= Domingo de Vico =

Spanish Dominican friar

Domingo de Vico was a Spanish Dominican friar during the Spanish conquest of Chiapas and the conquest of Guatemala in the 16th century. He was originally from Jaén. Chronicler Antonio de Remesal recorded that de Vico studied theology in Úbeda and finished his studies in the San Esteban convent in Salamanca.

Domingo de Vico set out from Spain on 9 July 1544 with a group led by Bartolomé de las Casas in an effort to enforce the New Laws that had been issued in 1542 to protect the indigenous inhabitants of the Spanish colonies from overexploitation by the encomenderos. De Vico was the prior of Cobán from 1554 until his death in 1555. He was charged with the evangelisation of the Lakandon and Acala Ch'ol in the unconquered area that was then referred to by the Spanish as the Tierra de Guerra ("Land of War"), and also as Verapaz.

==Works==
In 1544, Francisco Marroquín, bishop of Guatemala, charged Domingo de Vico with producing a treatise upon Indian idolatry. The work contained instructions to Dominicans upon how to use indigenous beliefs in their sermons in Chiapas and Guatemala. It was entitled Tratado de ídolos ("Treatment of Idols"). His best known written work is his Theologia Indorum, of which eleven copies survive, divided between the Bibliothèque nationale in Paris (5 copies) and the Firestone Library of Princeton University, New Jersey (6 copies). Among the copies in France are translations made in the Tzutuhil, Kʼicheʼ and Kaqchikel languages. During his short time in Guatemala before his death, he is believed to have compiled the Vocabulario de la lengua cakchiquel ("Vocabulary of the Kaqchikel language"). De Vico learnt the Ch’ol language and was able to preach to the Lakandon and Acala in their own language.

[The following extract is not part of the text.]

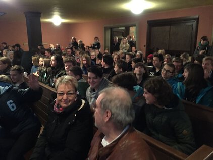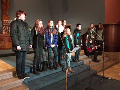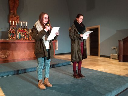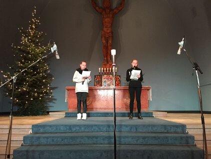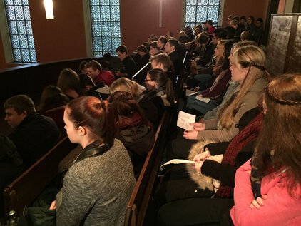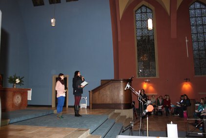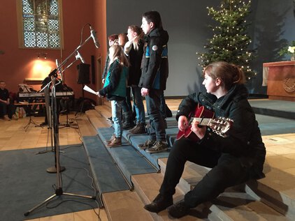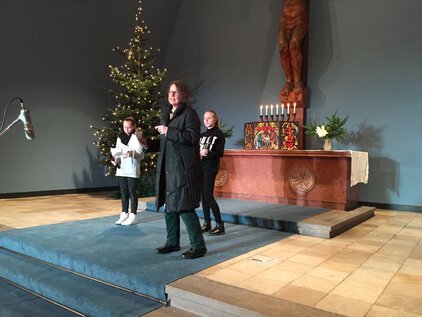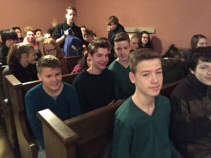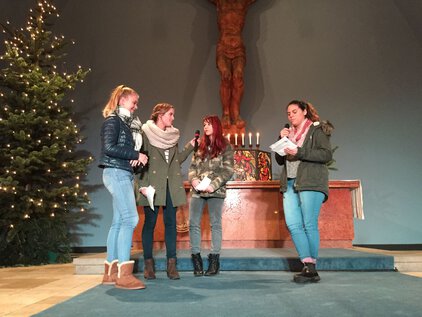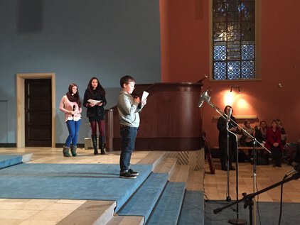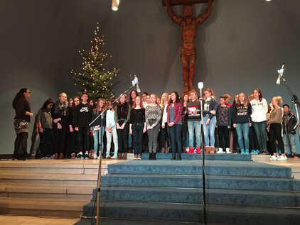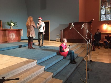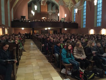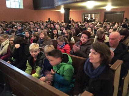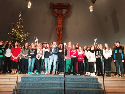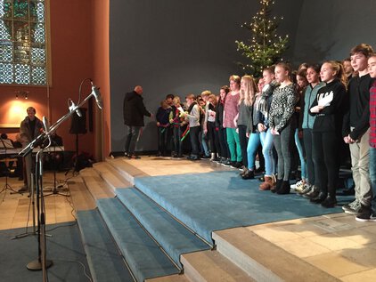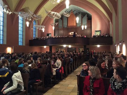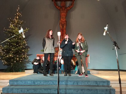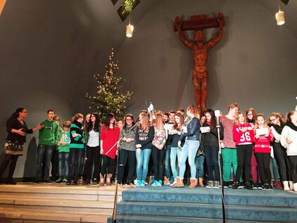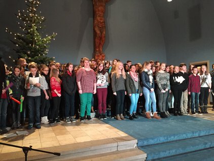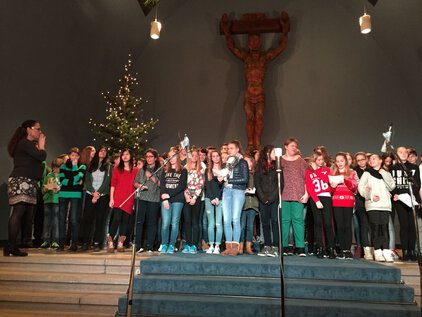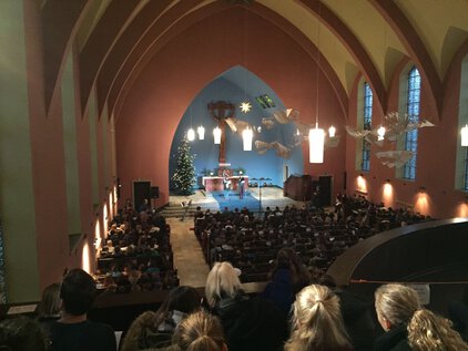 Einer langen Tradition zufolge trafen sich die meisten Schüler und Lehrer am letzten Schultag vor den Ferien zum Jahreswechsel zum Weihnachtssingen. Zum dritten Mal in der Luthergemeinde. In diesem Jahr stand die Veranstaltung, organisiert von der Fachschaft Ethik/Religion, unter dem Motto "Weihnachten International" und wurde von Bruce aus der 5. Klasse eröffnet. Es folgte eine informative und musikalische Reise um die Welt. Abschließend sangen alle gemeinsam "Adelte fideles".
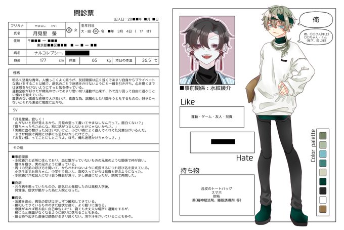 #爽朝病_問診票 【月見里 螢】 「月見里 螢!よろしく!山がないと月が見えるから月見の里って書いてやまなしなんだって!面白くない?」

De Vico wrote some religious poems in Kaqchikel upon the Acts of the Apostles and the Passion of Christ. A work entitled Los Proverbios de Salomón, las Epístolas y los Evangelios de todo el año, en lengua mexicana ("The Proverbs of Solomon, the Epistles and Gospels for the whole year, in the Mexican tongue") was prevented from being published by the Spanish Inquisition.

==Death==
In 1555, Domingo de Vico and his companion Andrés López were killed by the Acala and their Lakandon allies. De Vico, who had established a small missionary church in San Marcos (in what is now Alta Verapaz, Guatemala), had offended the local Maya ruler by repeatedly scolding him for taking several wives. The indigenous leader shot the friar through the throat with an arrow; the angry natives then sacrificed him by cutting open his chest and extracting his heart. His corpse was then decapitated; the natives carried off his head as a trophy, which was never recovered by the Spanish. In retaliation, the Spanish rounded up 260 Ch'ol in 1559, hanged 80 and branded the rest as slaves.